Hybrid search by ellenmuller · Pull Request #4738 · guardian/grid

ellenmuller · 2026-05-14T11:10:40Z

What does this change?

This PR switches the AI search from a vector KNN search to a hybrid search that combines semantic similarity with lexical BM25 matching.

It also introduces a vecWeight query parameter so we can control the boost parameter between vector relevance and keyword relevance from the client. This will help us experiment with different values and eventually settle on a default score.

Main changes

add a new hybrid Elasticsearch query for AI text search (this is the query developed by the Data Science team, see here)
combine KNN and multi_match results in a single query
normalise BM25 scores using the query's max BM25 score so lexical and vector signals can be blended more predictably
thread a new optional vecWeight parameter through Kahuna, the Media API, and search param parsing
default vecWeight to 0.8 for AI text search when no value is supplied

Please note that the 'More Like This' search is unchanged :)

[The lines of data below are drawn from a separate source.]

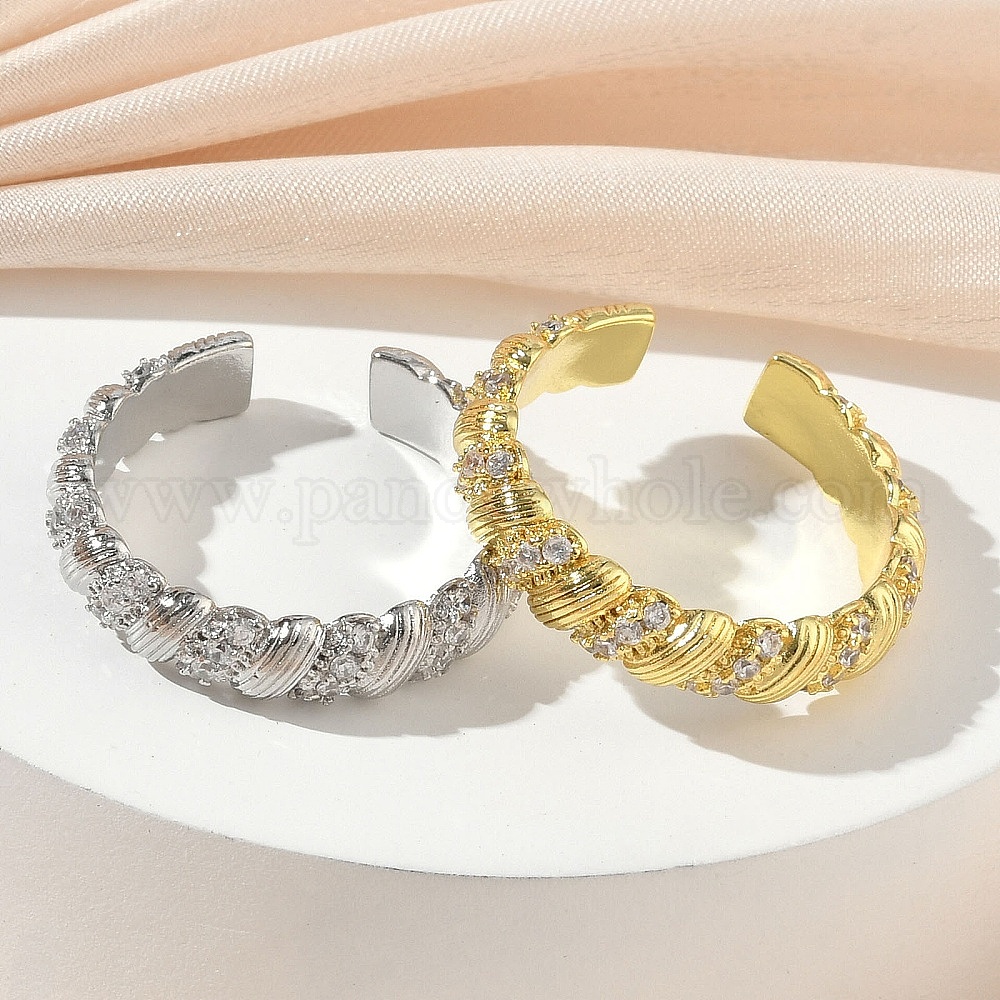Открытые кольца манжеты из латуни с микропаве и кубическим цирконием, твист, без кадмия и без свинца, стойки покрытие, долговечный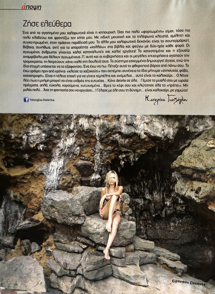 Ένα από τα αγαπηµένα µου χαλαρωτικά είναι η κηπουρική. Όσο πιο πολύ «φορτωµένη» είµαι, τόσο πιο πολύ κλαδεύω και φροντίζω τον κήπο µου. Με ινδική µουσική και τα τηλέφωνα κλειστά, αµίλητη και συγκεντρωµένη, στον πράσινο παράδεισό µου.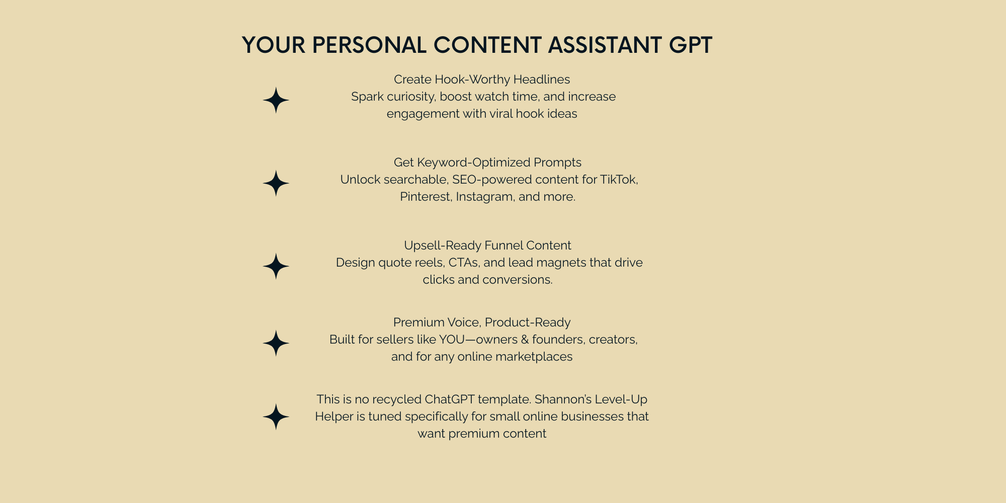 Shannon’s Level-Up Helper is a customized GPT designed to help you sell your products smarter and faster. From writing captions and hooks to generating keywords and CTAs, it’s built to keep your storefront growing while saving you hours of work.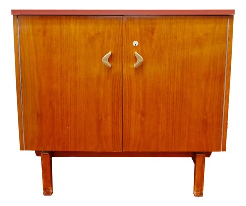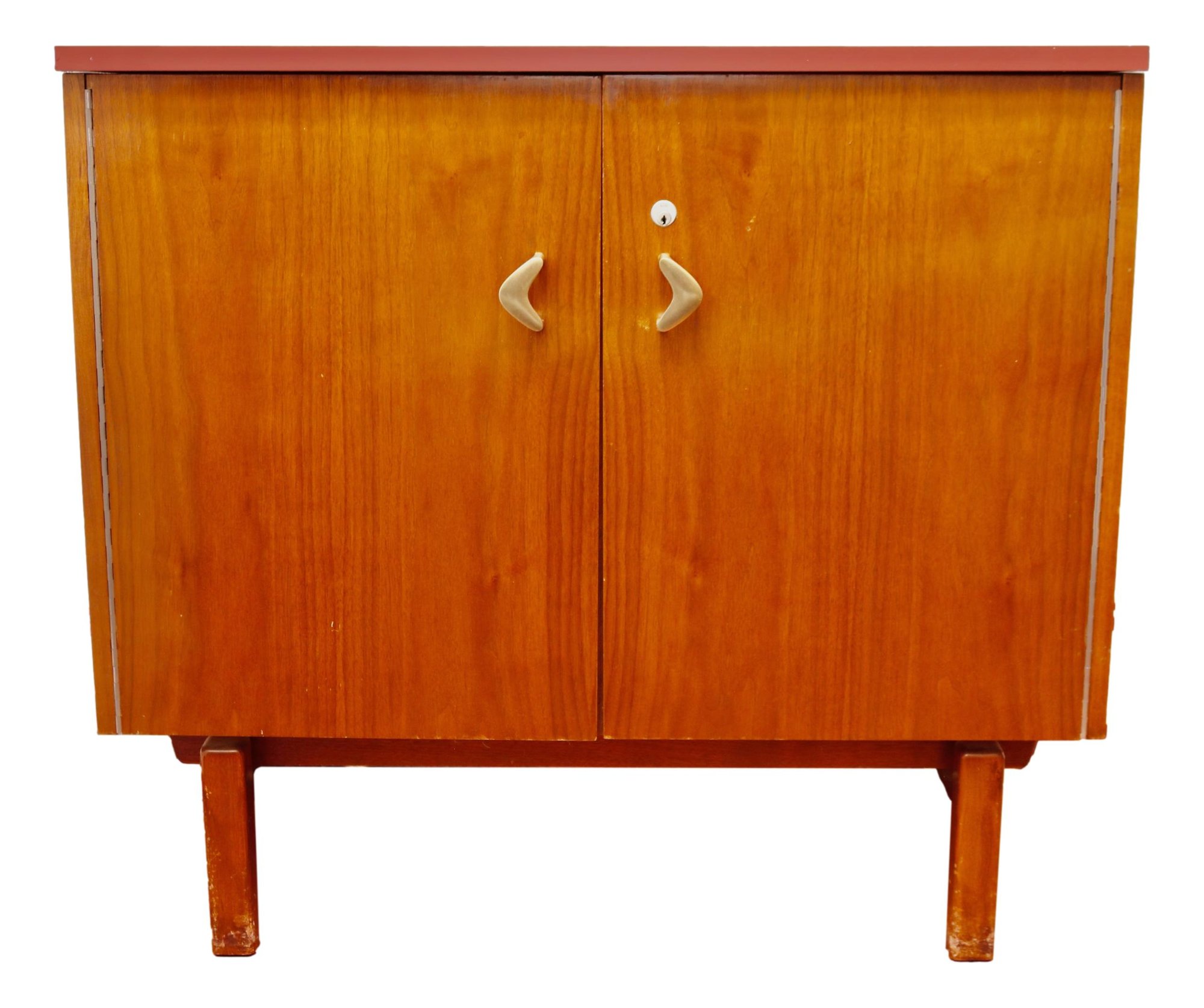 The embodiment of Mid Century Modern sophistication: the Swedish Storage Double Door Cabinet. With its clean lines and iconic design, this cabinet seamlessly blends style and functionality. Crafted possibly from teak and boasting a rich pecan finish, this cabinet exudes warmth and elegance. The top is thoughtfully hinged, creating a space that opens up to your imagination – a perfect platform for display or storage. The doors showcase a retro charm with boomerang-shaped mat silvertone knobs, paying homage to the era's unique aesthetics. Inside, a white interior with drawers enhances the visual appeal while ensuring your belongings are showcased in the best light. Standing on block post legs, this cabinet embraces the Mid Century Modern ethos of combining form and stability. Its design is not just a nod to the past; it's a statement of timeless style that effortlessly complements any space. Elevate your decor with the Mid Century Modern Style Swedish Storage Double Door Cabinet. Experience the allure of an era where design embraced both function and flair. Transform your space with a piece that resonates with history while adding a touch of contemporary elegance

How should a reviewer test this change?

I have deployed to TEST, where you can do a semantic search and experiment with adding different vecWeights to the URL, eg &vecWeight=0.4.

Tested? Documented?

locally by committer
locally by Guardian reviewer
on the Guardian's TEST environment
relevant documentation added or amended (if needed)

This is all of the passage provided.